Parametric studies using a FEM code to model rigid wall structures with a compressible
inclusion have been reported in the literature for the static loading case by Karpurapu and
Bathurst (1992). Their FEM program was first verified against the physical model tests reported
by McGown and Andrawes (1987) and McGown et al. (1988) and then used to generate design
charts. The design charts can be used to select the combination of geofoam buffer thickness and
modulus required for different combinations of wall height and granular backfill soils to
minimize static earth forces. In addition to the work of Inglis et al. (1996), other numerical
modeling studies of the seismic geofoam buffer concept have been reported by Pelekis et al.
(2000), Hazarika (2001), Hazarika and Okuzono (2002) and Armstrong and Alfaro (2003).

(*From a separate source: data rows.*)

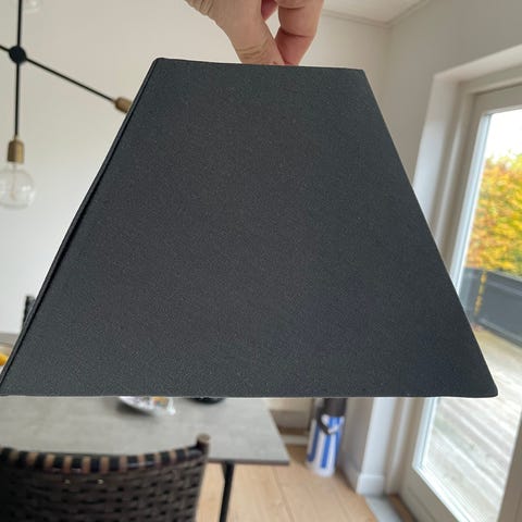 Dette er et par brune lampeskærme lavet af et materiale med en rustik tekstur. Hver skærm har en diameter på 18 cm. De er designet med en unik, håndlavet finish og en synlig metalramme indeni.
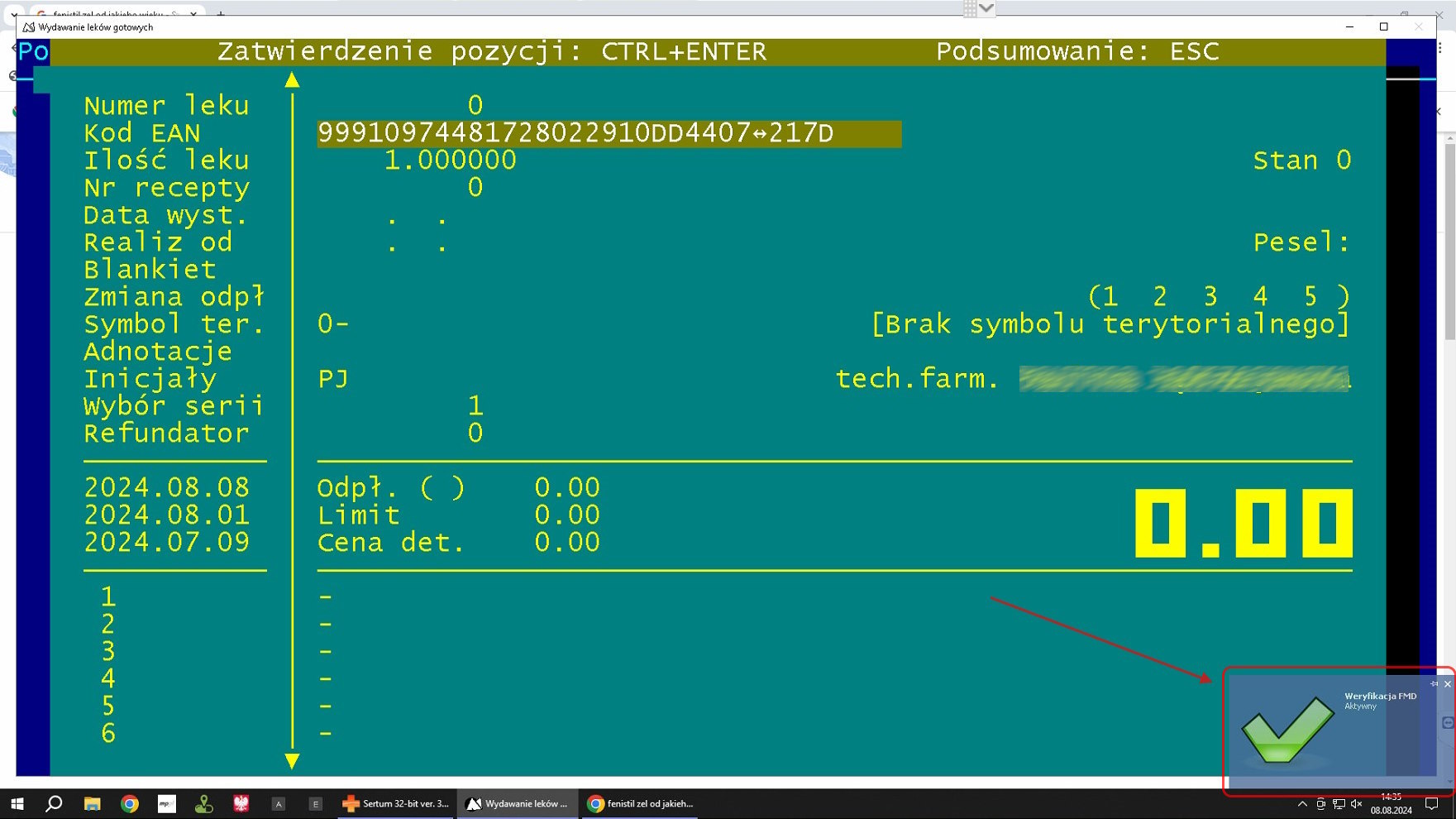 Wszelkie wykonane w ramach modułu FMD operacje, sprawdzimy również w apliakcji Sertum Apteka Malickiego.
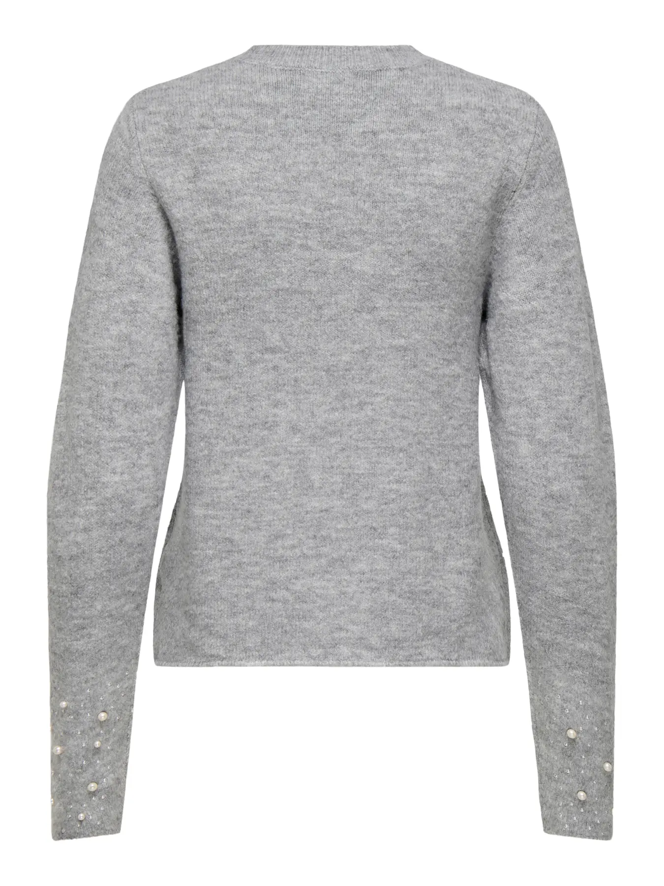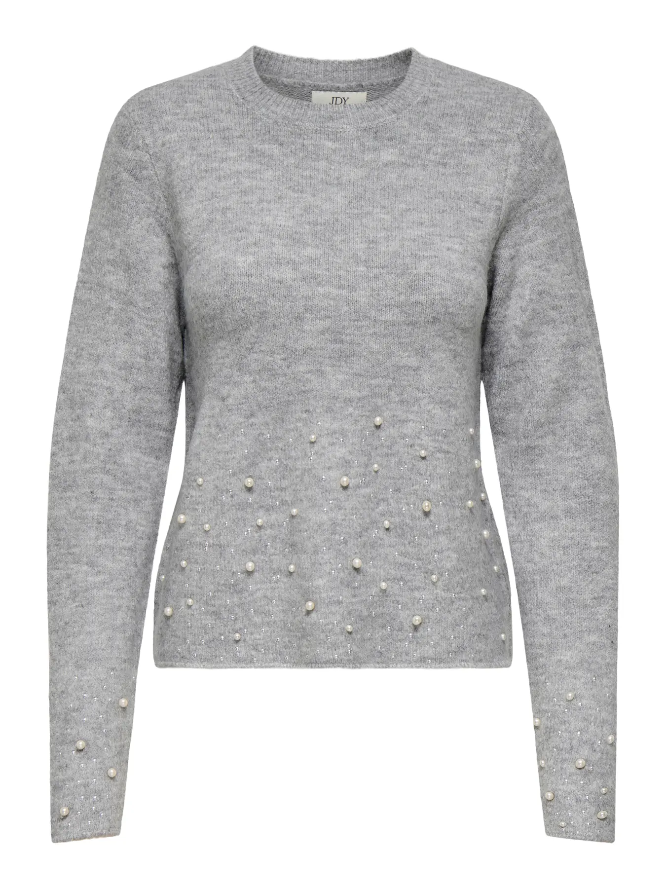 JDY Pearl γυναικείο πλεκτό πουλόβερ με στρογγυλή λαιμόκοψη και λευκές πέρλες στην κάτω μπροστινή επιφάνεια και κάτω στα μανίκια.
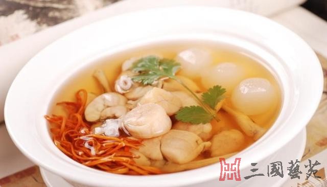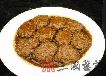 貂蝉拜月: 吕布在徐州下邳白门楼殒命之后,曹操把吕布的妻儿老小并貂蝉接回许都。车进城门,万人空巷,争看貂蝉美貌。是夜,正值十五天气,曹操在相府设宴为貂蝉压惊。侍女扶出貂蝉,如芙蓉出水,绝代佳人倾倒曹府文武百官。曹操亲为其斟酒,貂蝉举杯拜月。刹时,月亮钻进云彩里了,盛开的鲜花也都合上了。闭月羞花之貌,就是从这里来的。后来,这“貂蝉拜月”美馔,成为厨师们的得意之作。 原料:鱼丸300克,豆腐200克。 调料:精盐14克,味精3克,料酒5克,酱油10克,鸡蛋2个,清汤150克。 制法: 1.将豆腐打碎,加精盐、味精、料酒、蛋清、清汤搅拌均匀,倒入扒盘中,上笼蒸至定型取出。 2.把鱼丸放在豆腐上面,回笼再蒸5分钟取出。 3.炒锅上火,加清汤、酱油调成汁,烧沸后浇在豆腐上。
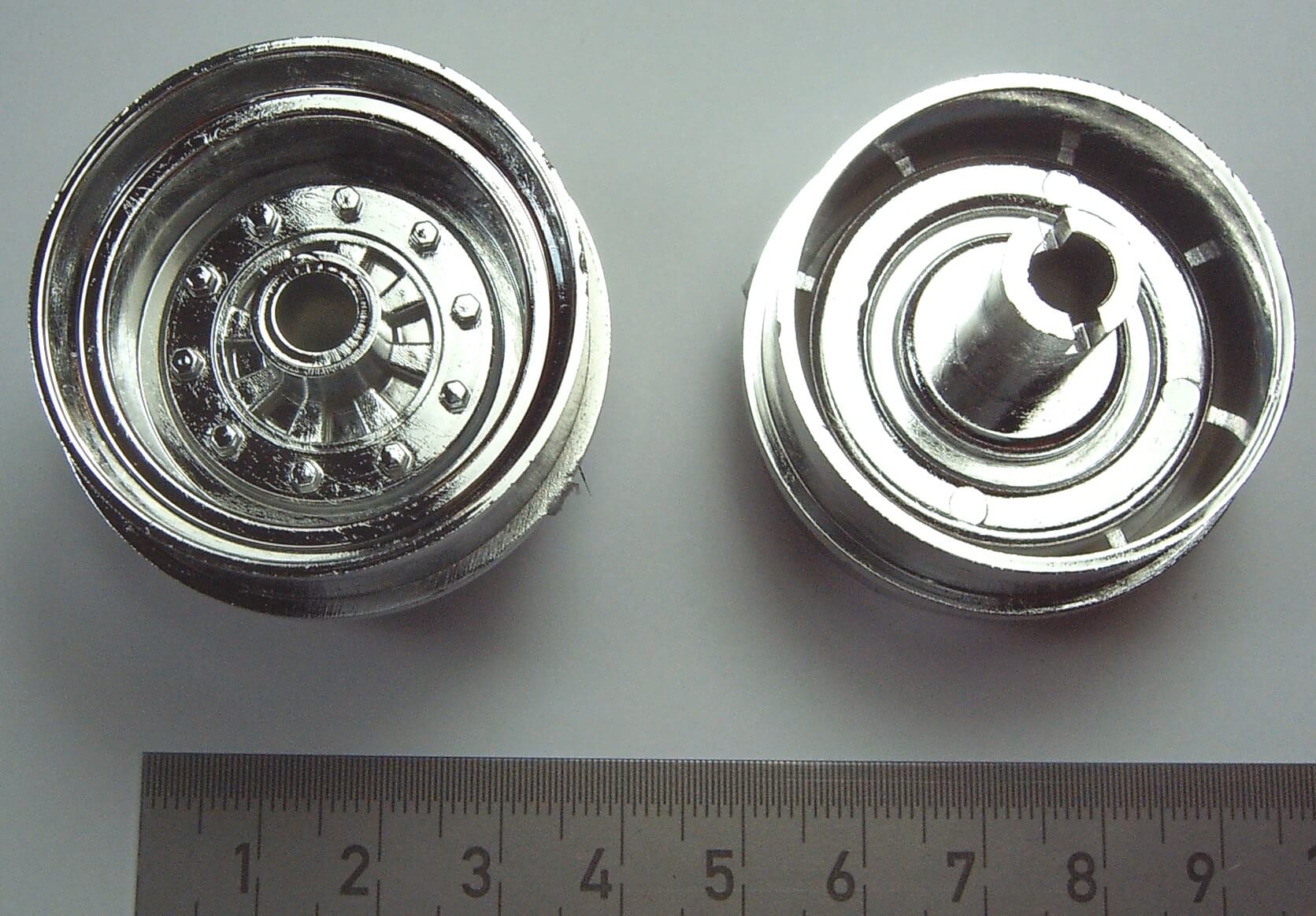 Hinterachsfelgen, verchromt für Breit- reifen (454). 2 Stück. Außendurchmesser 39mm, Breite 22mm, für Achse 6mm.

However, none of numerical models developed by these researchers have been verified against
instrumented physical test results. Hence, while qualitative trends in the numerical predictions
may appear reasonable, confidence in the magnitude of numerical results must be accepted with
caution.
In this study, a numerical model using the program FLAC is described that was used to
simulate the dynamic response of 1 m-high reduced-scale models of rigid walls with and without
a geofoam seismic buffer. The physical tests were carried out on a shaking table at the Royal
Military College of Canada. The physical test program and example test results are described in
the companion paper by Zarnani et al. (2005). These carefully conducted and instrumented
physical tests provide a useful dataset for verification of the numerical model.
RMC SHAKING TABLE TESTS
A brief description of the RMC shaking table tests is described here for completeness. One
meter-high by 1.4 m-wide by 2 m-long models were constructed in a strong box bolted to a large
steel shaking table. A rigid wall constructed from a stiffened aluminum bulkhead was attached to
the shaking table platform and used to retain a synthetic granular soil. The rigid wall was
attached to load cells to record total horizontal and vertical loads transmitted to the wall at end of
construction and during subsequent horizontal shaking. Accelerometers were also installed to
record accelerations recorded at the wall boundary and within the backfill. A geofoam buffer 150
mm thick was placed between the rigid wall and the backfill. A control test without the geofoam
seismic buffer was also carried out to quantify the performance benefit due to the presence of the
geofoam buffer to reduce dynamic loads on the rigid wall. Potentiometer-type displacement
devices were mounted on the front of the rigid wall to record the horizontal movements of small
metal plates attached to the geofoam-sand interface. A stepped-amplitude sinusoidal acceleration
record with a frequency of 5 Hz was applied to the base of the models in all tests. The
acceleration amplitude was increased at 5-second intervals (0.05g increments) up to peak base
acceleration amplitude in excess of 0.8g and the test terminated.
NUMERICAL MODELS
The numerical simulations were carried out using the program FLAC (Itasca 2005). The
FLAC numerical grid for the simulation of the geofoam buffer tests is shown in Figure 1. The
height of each model and the backfill width were kept at 1 m and 2 m, respectively in all tests.
The thickness of the geofoam was taken as 150 mm to match the physical tests. In this
investigation, the results of two numerical simulations with two different geofoam densities are
reported together with a control test without the geofoam buffer. The results of simulation runs
are compared to the results from the corresponding tests in the physical test program.
The backfill soil was modeled as a purely frictional, elastic-plastic material with MohrCoulomb failure criterion. This model allows elastic behavior up to yield (Mohr-Coulomb yield
point defined by the friction angle), and plastic flow at post-yield under constant stress. The soil
Figure 1 – FLAC numerical grid showing geofoam buffer, sand backfill and boundary
conditions
model is described by constant values of shear and bulk elastic modulus for pre-yield behavior.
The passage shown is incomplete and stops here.